A Lil' Irish Lass said,
November 15, 2007 at 1:52 pm
I haven’t checked Beave’s Facebook or MySpace in two months - nothing good can come of it.
As for you situation with Jameson, if the tension persists, I would be straight with him. Tell him you were curt over something silly and apologize. From his perspective, he’s probably wondering what in the hell made you run so cold so suddenly.

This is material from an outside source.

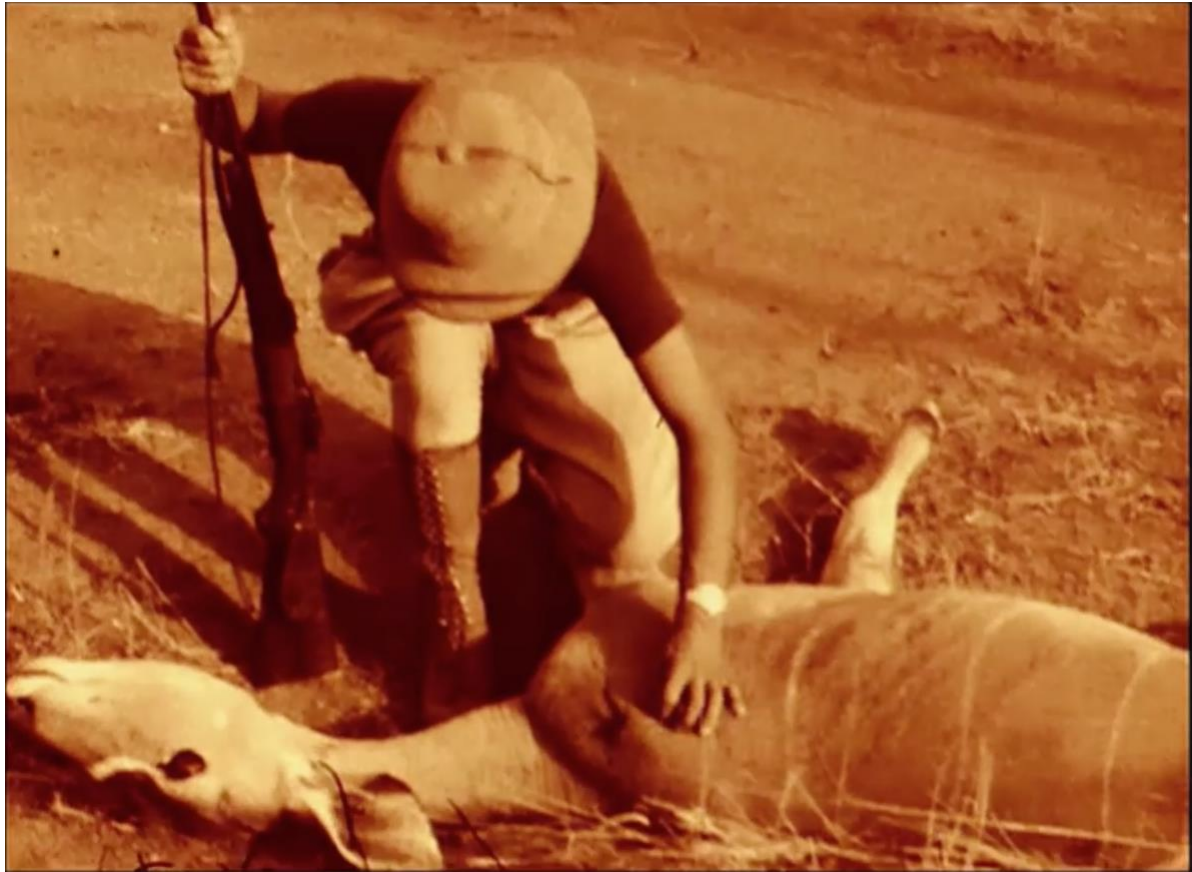
Fig. 7. Yervant Gianikian and Angela Ricci Lucchi, Barbarous Country , 2013, video still © Yervant Gianikian and Angela Ricci Lucchi

Of course, now I realize that my comment is probably about five days late. This is what happens when you go away for a week during NaBloPoMo. BLAST!
AmyD said,
November 20, 2007 at 8:21 am
Oh hell yeah it happens!! It’s funny how we allow our own fear/guilt to ruin it for the other person from time to time. I find that when I’m mad at myself, that’s when I’m most adept at calling my own man out on a little something he might have done that wasn’t “perfect.” It’s a completely shattered, telling mirror. I’m NOT calling you out here, but I think your initial jealousy/worry at seeing his webpage completely stemmed from you feeling slightly bad/guilty for talking to Sebastian again. If I’m wrong, please let me know. I just know this is completely human to do, and something ou need to discuss with Jameson, if you haven’t already - I’ve been scarce on the blog scene this past week, so you’ve probably already fixed it all by now, anyway. The two of you tend to be pretty good at communicating, so don’t stop now (and good luck)!
As for Dink….MEH.
Daniel said,
November 22, 2007 at 10:25 am
I couldn’t understand some parts of this article m not all alone here., but I guess I just need to check some more resources regarding this, because it sounds interesting.
Chelsea said,
November 28, 2007 at 8:40 pm
ok, again this is nie. I’m not alone. I did the exact same thing a couple days ago because my man has SINGLE listed as relationship status. woo hoo. I got a bit neurotic and crazy and recovering from it has been a bit of feat. But when you love someone so much its just because youre afraid of losing them that little things like that make your irrational. Its just remembering that you ar ebeing, just that, -irrational. and NO. you are not alone.